Eliseth’s sense of relief, however, was short-lived. The silence of years weighed down on the Academy like a dense, muffling blanket, adding to the eerie sense of desolation. Memories of treachery and violence thronged about her like the Death-Wraiths that Miathan had once manifested from the grail.—The shivers that ran up her spine were not entirely due to the cold wind that swirled around the Magewoman’s shoulders. “That’s enough of this nonsense!”

she muttered to herself. “Just because you’re tired and hungry, there’s no need to carry on in such a spineless fashion.” After all, she thought, with a grim smile, she had not eaten in years. Suddenly she remembered the food that the Archmage had taken out of time and stockpiled in the storerooms behind the kitchen.

Could it still be there? Hunger lent fresh impetus to her steps as she hurried across the courtyard to find out.

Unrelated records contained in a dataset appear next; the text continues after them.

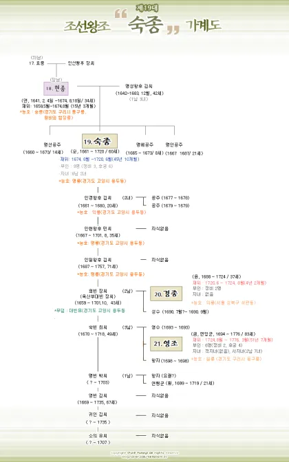 지금부터 조선 숙종 가계도, 숙종의 고양이 일화, 숙종의 생애, 업적에 대한 내용을 아래에서 확인해 보도록 하겠습니다.
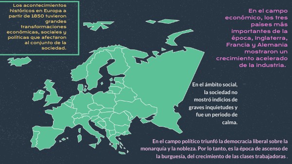 Los acontecimientos históricos en Europa a partir de 1850 tuvieron grandes transformaciones económicas, sociales y políticas que afectaron al conjunto de la sociedad.
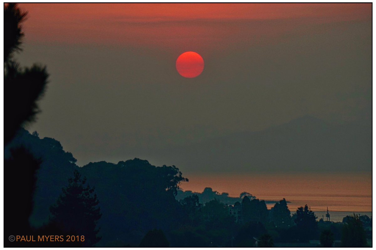Smoke from the #CampFire (In Paradise, CA, 200 miles north of us) created a beautiful but a sobering sunset Thursday, a sad reminder that fire season is now a year round thing thanks to human-made climate change. Acting governor Gavin Newsom has declared a state of emergency.pic.twitter.com/NOqjMVYECa
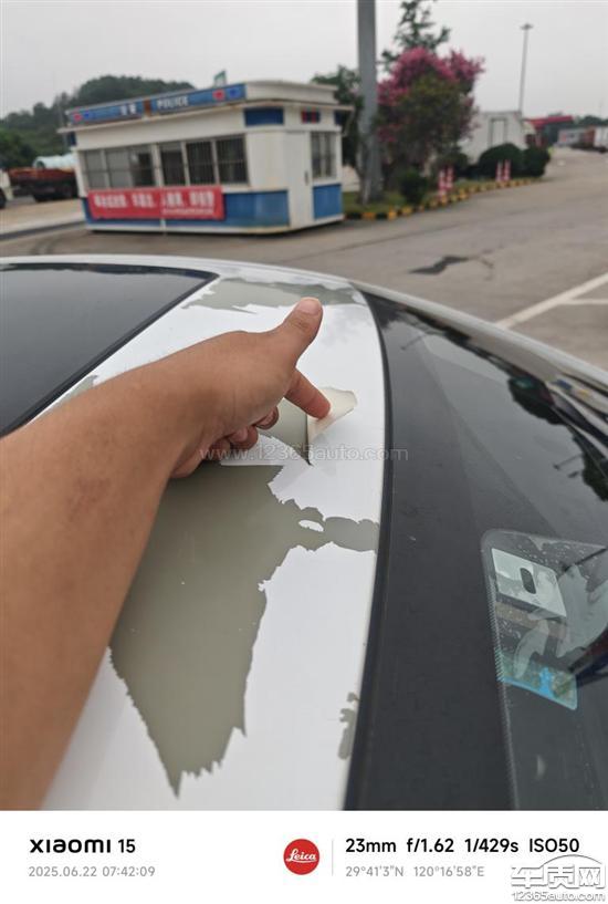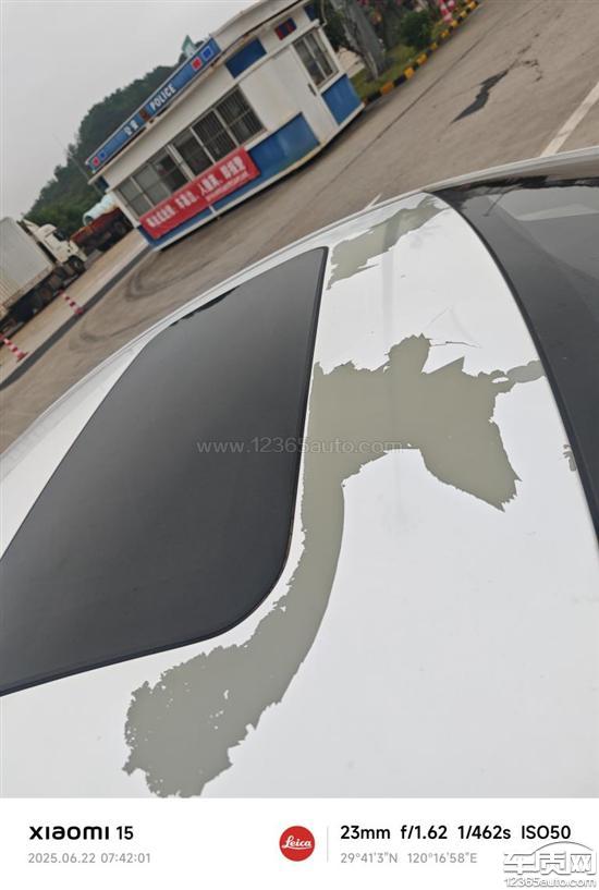 车顶大面积出现脱漆,存在质量问题,要求厂家处理。

At least there were candles in the kitchen. No longer did Eliseth have to concern herself with the vagaries of Magelight once she had ignited the first wick. As her flame took hold and the amber glow of candlelight swelled to encompass the room, she was startled by the pattering and scuffling of a multitude of small feet. Shadows moved and scattered into corners and under benches as cockroaches and rats, so long the undisputed kings of this domain, scrambled for cover.

The Magewoman wrinkled her nose in disgust, but pressed on undeterred, heading for the storerooms. Any food that had been taken out of time would have escaped the attentions of the scavengers—if the spells still remained in force. In the absence of their creators time spells were a chancy business at best. They often tended to decay—and there seemed no way of predicting how soon or at what rate. It depended on a whole range of factors such as the positions of the sun and moon when the spell was cast, the physical health and the mental state of the summoner, and many other seemingly trivial concerns. That was why Miathan had used the magic of the Caldron to reinforce the time spell that immobilized the Wraiths—and a good thing too, the Magewoman thought with a shudder. The thought of those abominations getting loose while she was in the Academy made her blood run cold—but thankfully, there was no way those particular spells would decay.

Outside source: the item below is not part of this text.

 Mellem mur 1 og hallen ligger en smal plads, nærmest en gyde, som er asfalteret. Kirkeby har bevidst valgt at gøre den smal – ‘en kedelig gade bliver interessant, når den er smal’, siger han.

Sadly, she was less fortunate where the food was concerned. Miathan had spent too long out of the world, a victim of her magic. In his absence, the time spells had gradually decayed, and the provisions that had not been accessible to the vermin had rotted down into a stinking black sludge that set Eliseth retching. She beat a hasty retreat, mopping at streaming eyes as she stumbled out of the kitchen.

Enough of this! Irritation was fast overcoming the Weather-Mage’s hunger and dismay. Plainly, there was nothing for her here at the Academy. As she searched for alternatives, her mind turned to the Mortals of the city. Down in Nexis there was one person, at least—if he was still alive—who still owed her.—She drew her cloak across her face and set off down the hill from the Academy.—Bern felt the blood drain from his face as he opened the door and saw the Lady Eliseth. His knees sagged, forcing him to cling to the edge of the door for support, and his mouth opened and closed wordlessly as he gasped for breath.—I’m dreaming, he thought. I must be. This is all a dreadful night—I’ll wake up in a minute and she’ll be gone....

The Mage showed no signs of going anywhere. A malicious smile appeared on her flawless face. “What’s wrong, Bern?” she asked him in poisonously sweet tones.

“Why, you look as though you’ve seen a ghost.”

“But I ...” The baker managed to find his voice at last. “Lady, I thought you were dead. When you vanished in that flash ... I was sure you’d been killed. We—everyone—thought all the Magefolk were dead.”

Eliseth shrugged. “You were wrong, then.” Without waiting to be invited, she pushed roughly past the baker and swept into the room. Bern followed her on shaky legs. By this time, he had sufficiently gathered his wits to notice the lines of strain and weariness on Eliseth’s face, and the charring and blistering that disfigured her hands. Apart from that, she looked just as she had when last he had seen her. Her silvery hair, normally so smooth and immaculate, was snarled like a crone’s and reeked of woodsmoke as though she had only just come from the burning of the Valley’s trees. Where in the name of the Gods had she been all these years? he wondered. And what had she been doing there?

“Clearly you have profited from the absence of the Mage-folk.” The Weather-Mage was raking the newly refurbished bakery with her eyes. “As I came up the lane, I noticed that you’ve purchased the building next door to expand your premises.” She turned her cold and penetrating gaze full upon him. “I find myself wondering, can all this newfound prosperity be due to the grain that was supplied by me some time ago?”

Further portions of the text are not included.